About this task — Please reproduce the listing verbatim, without its images.

━━━━━━

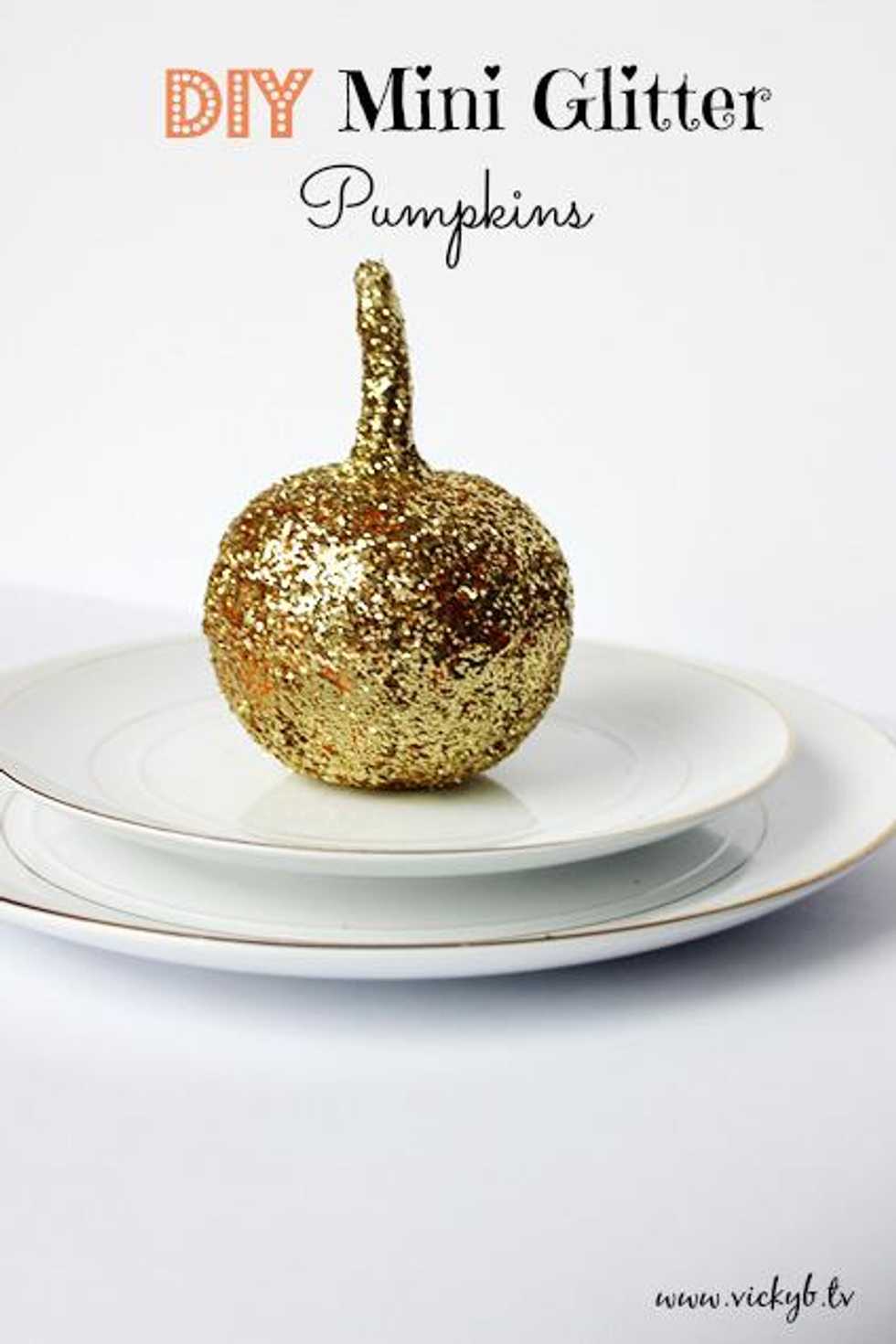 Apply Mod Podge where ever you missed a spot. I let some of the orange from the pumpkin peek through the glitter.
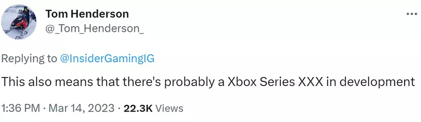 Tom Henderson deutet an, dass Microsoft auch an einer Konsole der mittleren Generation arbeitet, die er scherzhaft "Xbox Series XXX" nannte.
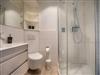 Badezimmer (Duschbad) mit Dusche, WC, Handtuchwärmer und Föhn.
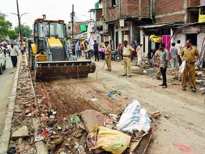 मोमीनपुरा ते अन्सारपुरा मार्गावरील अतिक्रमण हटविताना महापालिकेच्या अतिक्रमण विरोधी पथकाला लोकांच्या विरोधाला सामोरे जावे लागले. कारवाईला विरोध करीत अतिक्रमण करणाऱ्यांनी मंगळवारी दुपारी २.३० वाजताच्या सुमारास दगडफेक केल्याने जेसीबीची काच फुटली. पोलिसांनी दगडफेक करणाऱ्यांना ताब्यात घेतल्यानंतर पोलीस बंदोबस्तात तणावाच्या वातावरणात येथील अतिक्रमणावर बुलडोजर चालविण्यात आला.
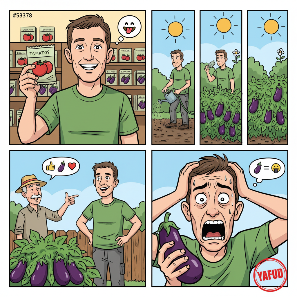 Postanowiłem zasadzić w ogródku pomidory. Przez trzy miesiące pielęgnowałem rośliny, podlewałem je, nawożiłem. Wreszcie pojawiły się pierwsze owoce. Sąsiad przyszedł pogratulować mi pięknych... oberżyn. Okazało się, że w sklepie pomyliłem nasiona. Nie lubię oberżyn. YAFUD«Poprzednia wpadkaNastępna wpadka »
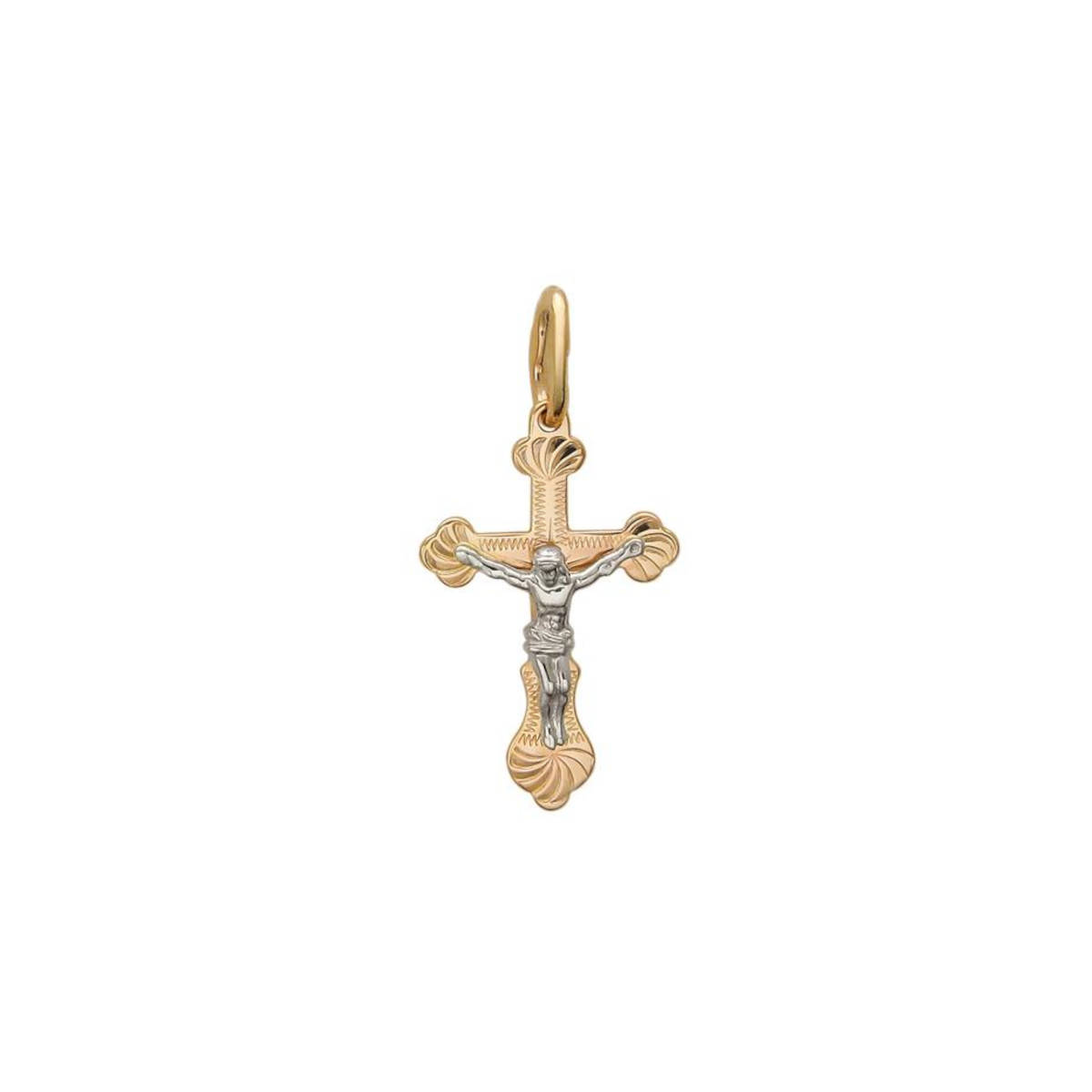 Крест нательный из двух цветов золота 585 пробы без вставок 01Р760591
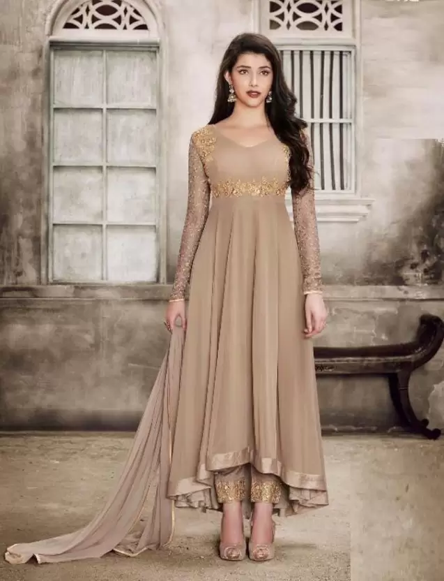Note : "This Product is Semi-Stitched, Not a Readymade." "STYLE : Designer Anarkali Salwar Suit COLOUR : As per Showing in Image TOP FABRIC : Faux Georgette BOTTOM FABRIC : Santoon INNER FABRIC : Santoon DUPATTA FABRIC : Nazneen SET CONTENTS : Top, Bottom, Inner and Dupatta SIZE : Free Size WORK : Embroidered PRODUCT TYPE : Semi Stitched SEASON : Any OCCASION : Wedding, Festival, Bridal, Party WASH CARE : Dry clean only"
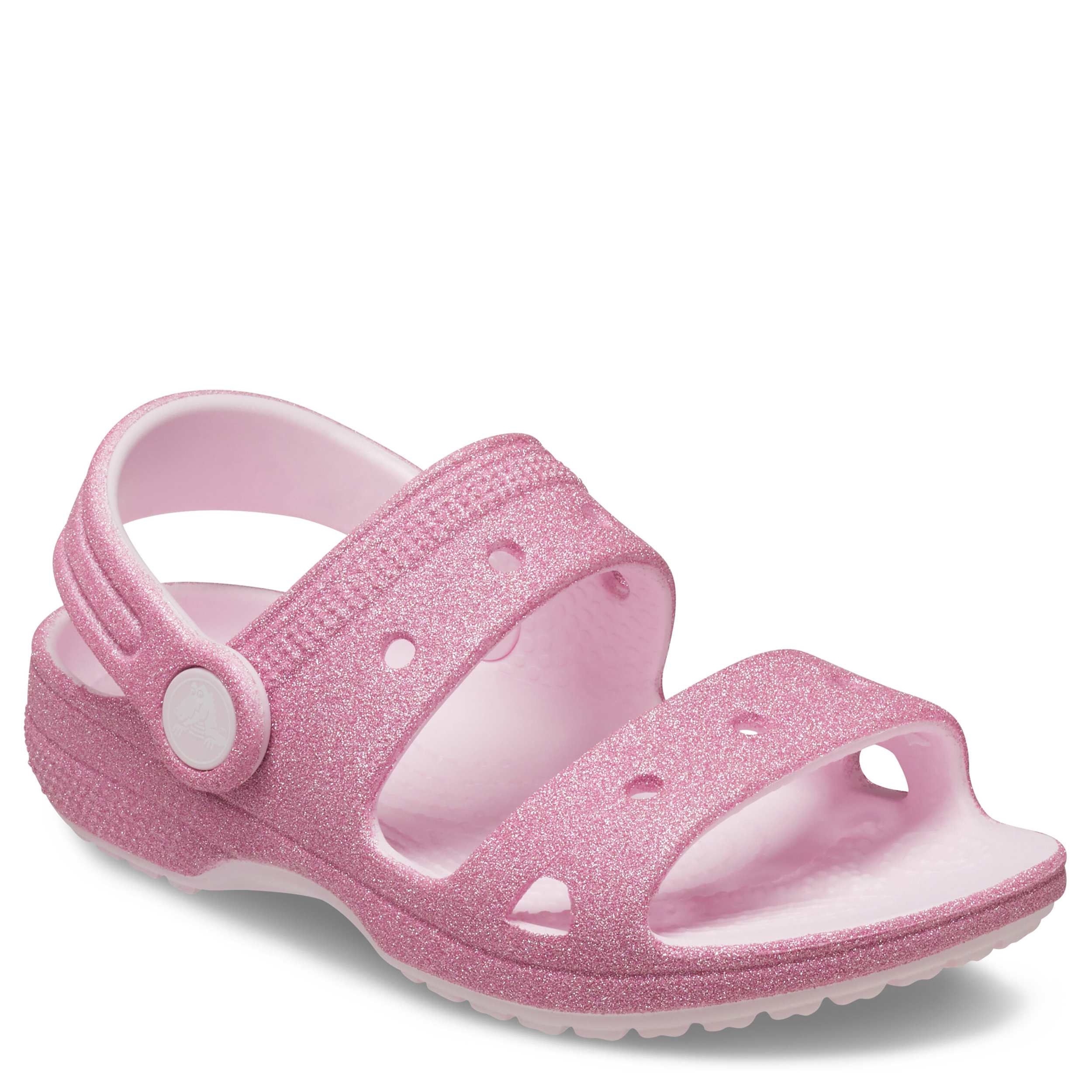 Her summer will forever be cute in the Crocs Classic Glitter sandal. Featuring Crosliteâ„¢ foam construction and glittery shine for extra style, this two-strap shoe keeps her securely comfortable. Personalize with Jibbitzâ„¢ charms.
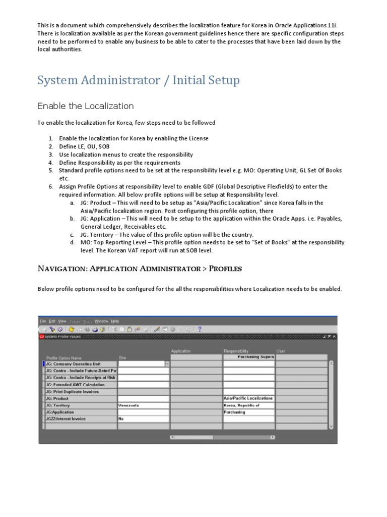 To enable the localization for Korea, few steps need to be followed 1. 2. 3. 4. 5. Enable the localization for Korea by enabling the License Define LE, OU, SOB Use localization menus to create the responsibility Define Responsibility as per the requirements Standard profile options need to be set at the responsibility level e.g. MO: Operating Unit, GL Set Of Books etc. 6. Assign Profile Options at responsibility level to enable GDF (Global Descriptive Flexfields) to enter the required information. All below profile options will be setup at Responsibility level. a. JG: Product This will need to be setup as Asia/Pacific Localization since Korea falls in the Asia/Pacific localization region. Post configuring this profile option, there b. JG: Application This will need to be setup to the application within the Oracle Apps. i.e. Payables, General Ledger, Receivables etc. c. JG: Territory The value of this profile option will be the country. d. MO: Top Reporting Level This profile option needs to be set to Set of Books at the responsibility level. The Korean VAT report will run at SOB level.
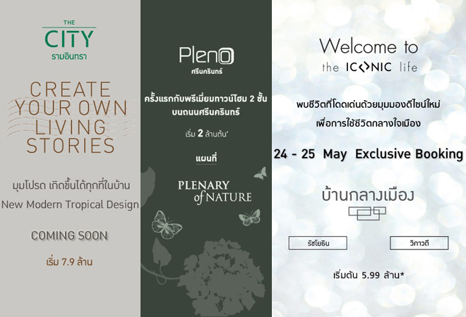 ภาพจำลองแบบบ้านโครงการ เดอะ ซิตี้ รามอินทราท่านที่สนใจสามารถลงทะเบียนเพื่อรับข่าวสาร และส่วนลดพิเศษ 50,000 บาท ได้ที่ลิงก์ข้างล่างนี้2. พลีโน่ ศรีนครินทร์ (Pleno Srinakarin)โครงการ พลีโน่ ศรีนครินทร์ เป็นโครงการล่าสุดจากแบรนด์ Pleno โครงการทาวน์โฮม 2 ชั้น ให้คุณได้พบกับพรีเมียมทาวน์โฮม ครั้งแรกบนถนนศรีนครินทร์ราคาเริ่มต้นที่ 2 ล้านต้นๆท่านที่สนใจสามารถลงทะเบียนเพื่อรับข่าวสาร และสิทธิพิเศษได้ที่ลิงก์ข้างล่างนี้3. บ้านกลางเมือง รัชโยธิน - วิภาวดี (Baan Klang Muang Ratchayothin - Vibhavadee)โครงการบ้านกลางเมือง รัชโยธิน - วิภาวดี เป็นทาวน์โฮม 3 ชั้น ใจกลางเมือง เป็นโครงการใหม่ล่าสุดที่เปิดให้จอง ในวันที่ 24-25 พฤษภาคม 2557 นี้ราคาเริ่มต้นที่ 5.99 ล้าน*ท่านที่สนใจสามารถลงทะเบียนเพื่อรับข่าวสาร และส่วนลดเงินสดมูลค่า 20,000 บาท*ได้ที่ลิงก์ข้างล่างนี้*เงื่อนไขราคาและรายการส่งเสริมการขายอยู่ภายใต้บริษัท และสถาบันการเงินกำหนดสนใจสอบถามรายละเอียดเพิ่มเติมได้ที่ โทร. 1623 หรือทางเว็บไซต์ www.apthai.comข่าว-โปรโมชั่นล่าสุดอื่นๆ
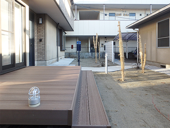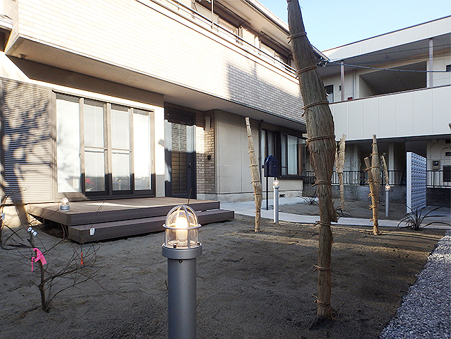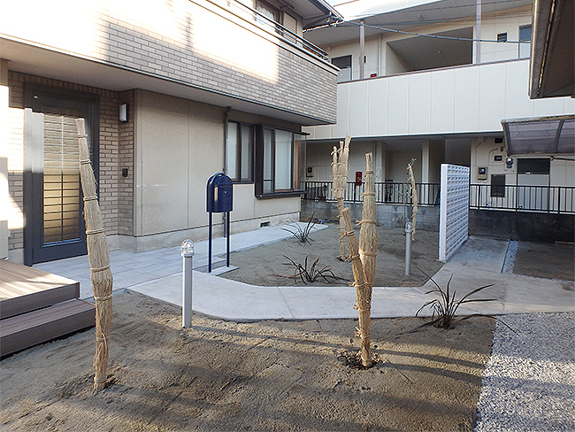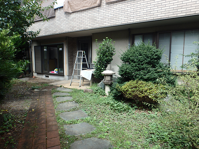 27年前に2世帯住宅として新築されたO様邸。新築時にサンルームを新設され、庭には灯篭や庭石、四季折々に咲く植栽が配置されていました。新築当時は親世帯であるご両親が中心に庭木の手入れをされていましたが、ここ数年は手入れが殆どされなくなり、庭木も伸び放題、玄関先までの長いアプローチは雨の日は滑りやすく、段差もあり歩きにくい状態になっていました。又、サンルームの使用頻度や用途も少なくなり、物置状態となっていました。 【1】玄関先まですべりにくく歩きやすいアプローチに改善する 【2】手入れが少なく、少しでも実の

━━━━━━

Expected answer —
 Apply Mod Podge where ever you missed a spot. I let some of the orange from the pumpkin peek through the glitter.
 Tom Henderson deutet an, dass Microsoft auch an einer Konsole der mittleren Generation arbeitet, die er scherzhaft "Xbox Series XXX" nannte.
 Badezimmer (Duschbad) mit Dusche, WC, Handtuchwärmer und Föhn.
 मोमीनपुरा ते अन्सारपुरा मार्गावरील अतिक्रमण हटविताना महापालिकेच्या अतिक्रमण विरोधी पथकाला लोकांच्या विरोधाला सामोरे जावे लागले. कारवाईला विरोध करीत अतिक्रमण करणाऱ्यांनी मंगळवारी दुपारी २.३० वाजताच्या सुमारास दगडफेक केल्याने जेसीबीची काच फुटली. पोलिसांनी दगडफेक करणाऱ्यांना ताब्यात घेतल्यानंतर पोलीस बंदोबस्तात तणावाच्या वातावरणात येथील अतिक्रमणावर बुलडोजर चालविण्यात आला.
 Postanowiłem zasadzić w ogródku pomidory. Przez trzy miesiące pielęgnowałem rośliny, podlewałem je, nawożiłem. Wreszcie pojawiły się pierwsze owoce. Sąsiad przyszedł pogratulować mi pięknych... oberżyn. Okazało się, że w sklepie pomyliłem nasiona. Nie lubię oberżyn. YAFUD«Poprzednia wpadkaNastępna wpadka »
 Крест нательный из двух цветов золота 585 пробы без вставок 01Р760591
Note : "This Product is Semi-Stitched, Not a Readymade." "STYLE : Designer Anarkali Salwar Suit COLOUR : As per Showing in Image TOP FABRIC : Faux Georgette BOTTOM FABRIC : Santoon INNER FABRIC : Santoon DUPATTA FABRIC : Nazneen SET CONTENTS : Top, Bottom, Inner and Dupatta SIZE : Free Size WORK : Embroidered PRODUCT TYPE : Semi Stitched SEASON : Any OCCASION : Wedding, Festival, Bridal, Party WASH CARE : Dry clean only"
 Her summer will forever be cute in the Crocs Classic Glitter sandal. Featuring Crosliteâ„¢ foam construction and glittery shine for extra style, this two-strap shoe keeps her securely comfortable. Personalize with Jibbitzâ„¢ charms.
 To enable the localization for Korea, few steps need to be followed 1. 2. 3. 4. 5. Enable the localization for Korea by enabling the License Define LE, OU, SOB Use localization menus to create the responsibility Define Responsibility as per the requirements Standard profile options need to be set at the responsibility level e.g. MO: Operating Unit, GL Set Of Books etc. 6. Assign Profile Options at responsibility level to enable GDF (Global Descriptive Flexfields) to enter the required information. All below profile options will be setup at Responsibility level. a. JG: Product This will need to be setup as Asia/Pacific Localization since Korea falls in the Asia/Pacific localization region. Post configuring this profile option, there b. JG: Application This will need to be setup to the application within the Oracle Apps. i.e. Payables, General Ledger, Receivables etc. c. JG: Territory The value of this profile option will be the country. d. MO: Top Reporting Level This profile option needs to be set to Set of Books at the responsibility level. The Korean VAT report will run at SOB level.
 ภาพจำลองแบบบ้านโครงการ เดอะ ซิตี้ รามอินทราท่านที่สนใจสามารถลงทะเบียนเพื่อรับข่าวสาร และส่วนลดพิเศษ 50,000 บาท ได้ที่ลิงก์ข้างล่างนี้2. พลีโน่ ศรีนครินทร์ (Pleno Srinakarin)โครงการ พลีโน่ ศรีนครินทร์ เป็นโครงการล่าสุดจากแบรนด์ Pleno โครงการทาวน์โฮม 2 ชั้น ให้คุณได้พบกับพรีเมียมทาวน์โฮม ครั้งแรกบนถนนศรีนครินทร์ราคาเริ่มต้นที่ 2 ล้านต้นๆท่านที่สนใจสามารถลงทะเบียนเพื่อรับข่าวสาร และสิทธิพิเศษได้ที่ลิงก์ข้างล่างนี้3. บ้านกลางเมือง รัชโยธิน - วิภาวดี (Baan Klang Muang Ratchayothin - Vibhavadee)โครงการบ้านกลางเมือง รัชโยธิน - วิภาวดี เป็นทาวน์โฮม 3 ชั้น ใจกลางเมือง เป็นโครงการใหม่ล่าสุดที่เปิดให้จอง ในวันที่ 24-25 พฤษภาคม 2557 นี้ราคาเริ่มต้นที่ 5.99 ล้าน*ท่านที่สนใจสามารถลงทะเบียนเพื่อรับข่าวสาร และส่วนลดเงินสดมูลค่า 20,000 บาท*ได้ที่ลิงก์ข้างล่างนี้*เงื่อนไขราคาและรายการส่งเสริมการขายอยู่ภายใต้บริษัท และสถาบันการเงินกำหนดสนใจสอบถามรายละเอียดเพิ่มเติมได้ที่ โทร. 1623 หรือทางเว็บไซต์ www.apthai.comข่าว-โปรโมชั่นล่าสุดอื่นๆ
 27年前に2世帯住宅として新築されたO様邸。新築時にサンルームを新設され、庭には灯篭や庭石、四季折々に咲く植栽が配置されていました。新築当時は親世帯であるご両親が中心に庭木の手入れをされていましたが、ここ数年は手入れが殆どされなくなり、庭木も伸び放題、玄関先までの長いアプローチは雨の日は滑りやすく、段差もあり歩きにくい状態になっていました。又、サンルームの使用頻度や用途も少なくなり、物置状態となっていました。 【1】玄関先まですべりにくく歩きやすいアプローチに改善する 【2】手入れが少なく、少しでも実の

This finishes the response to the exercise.